What's even crazier (again, watch the video here) is that if you convert the circumference of Circle A in the original problem to a straight line and then rotate Circle B along the straight line, it does so three times!  In other words, there is something about rotating around a circle that changes the number of rotations.  Lastly, try this next one.  If you view the number of rotations of Circle A around Circle B from the perspective of Circle B (i.e. imagine you are standing on the surface of Circle B) or even vice versa, you will note that Circle A rotates just three times instead of four!

The mathematical proof of the answer to this problem, at least as I understand it, is that from start to end, the center of the moving coin (Circle A in the original problem) travels a circular path. The circumference of the stationary coin (Circle B in the original problem) and the path of the center of the moving coin (Circle A) form two concentric circles. The radius of the outer circle is the sum of the two coins' radii.  In other words, the circumference of the path of the moving center of Circle A is equal to 2π multiplied by the radius of Circle A plus the radius of Circle B.  Watch the video here again for a pictorial explanation of this same point (and see also a similar problem known as Aristotle's Wheel Paradox).  

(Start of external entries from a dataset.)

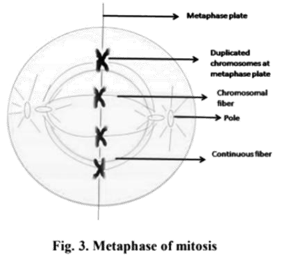 - Metaphase: Chromosomes align at the cell’s equatorial plate.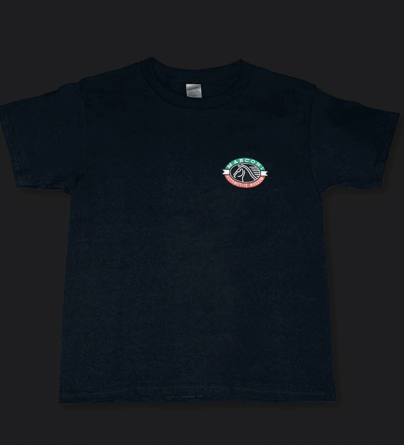 Our classic Marconi Automotive Museum Kid’s Tee is both comfortable and durable for everyday use or to wear to your little one’s next car event! Available in 3 colors (Black, White, and Red), the front and back features our signature Marconi Automotive Museum logo.Product Details:
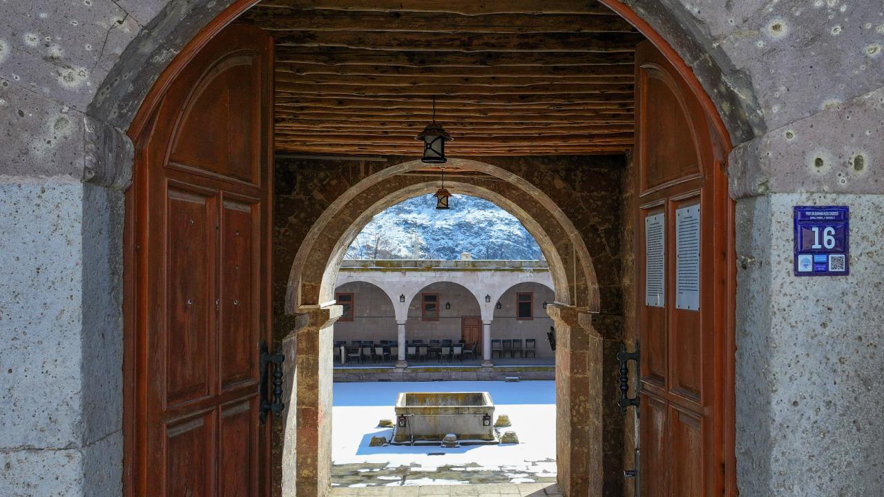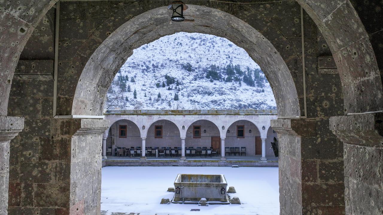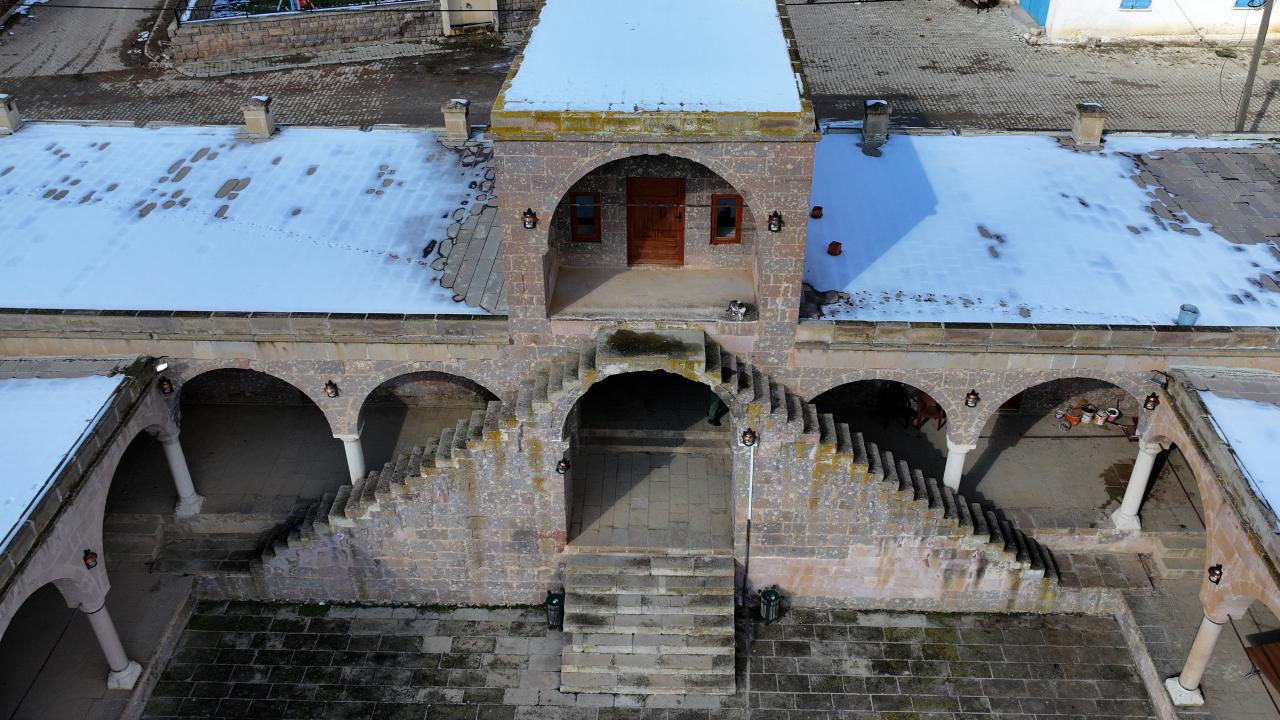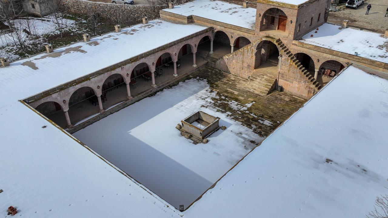 Kayseri'nin Develi ilçesinde 1893'te yaptırılan Hamidiye Medresesi, halk eğitim merkezinin açtığı kilim dokuma kursuna katılan kadınları ağırlıyor.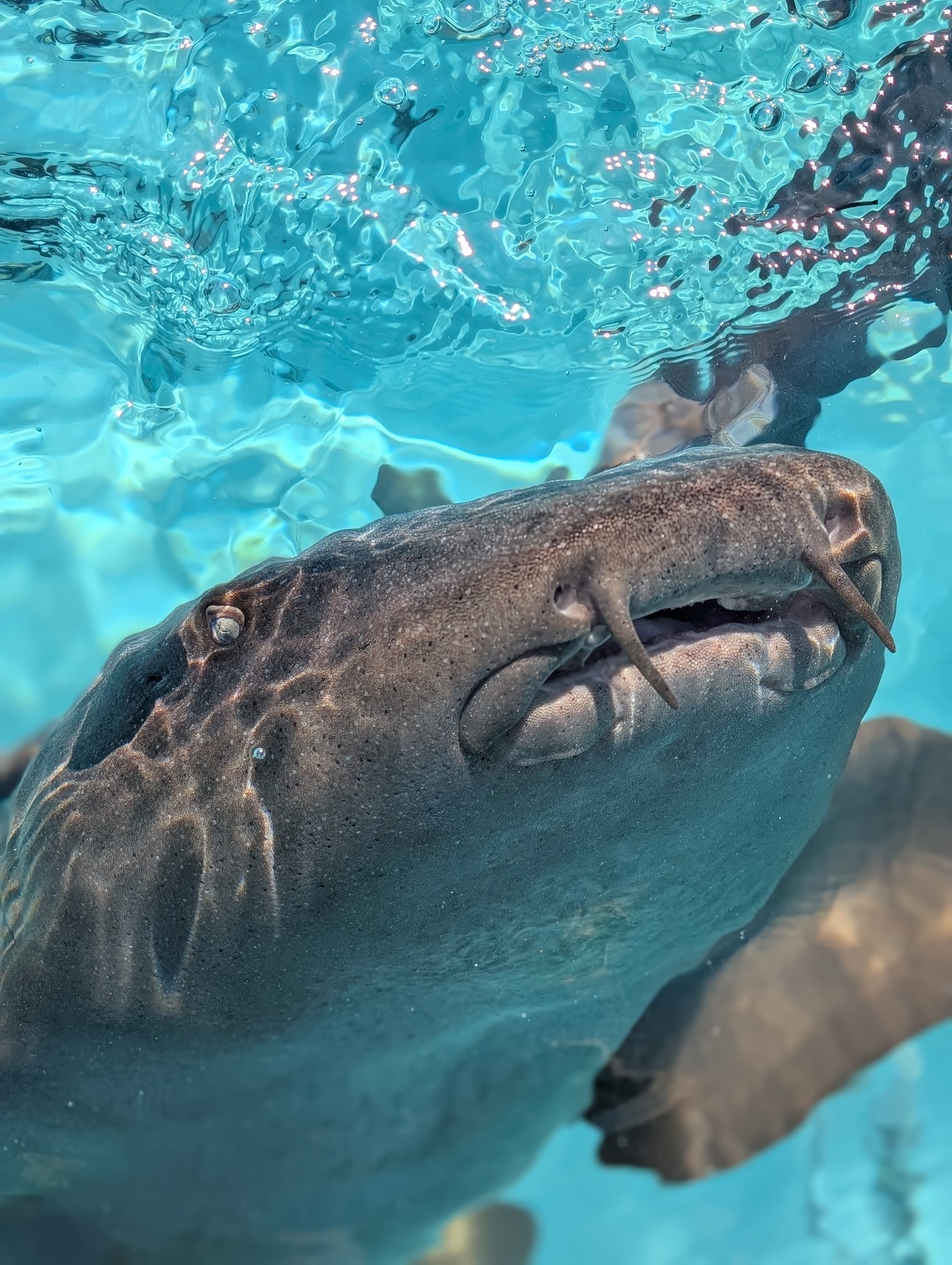 Emma has been waiting months for this stop. Compass Cay has a resort and marina where you can get in the water with the nurse sharks. Swimming with sharks has been the thing she was most excited about doing in the Bahamas.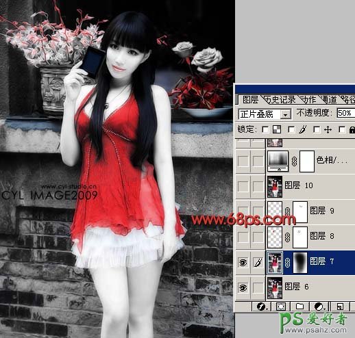 8、新建一个图层,盖印图层。执行:滤镜 > 模糊 > 高斯模糊,数值为5,确定后把图层混合模式改为“正片叠底”,图层不透明度改为:50%,加上图层蒙版,用黑色画笔把人物及周围部分擦出来,效果如下图。

If you really want to be gobsmacked, consider how this coin rotation paradox applies to the number of days it takes for the Earth to rotate around the sun (with day, of course, defined as the rotation of the Earth).  Again, when viewed from an external perspective (i.e. that of a distant observer in outer space), it looks like it actually takes 366.25 days for the Earth to rotate around the sun, instead of what we consider a calendar year as 365.25 days (the former length of time is called a sidereal year).

My point here is to use mathematics to demonstrate one of the defining characteristics of a High Reliability Organization (HRO), the principle of "Reluctance to Simplify".  Leaders in High Reliability Organizations know that the simplest explanation is not always the correct one.  They take the next necessary step to dig deeper into the problem, in order to come up with the right solution (not the wrong one).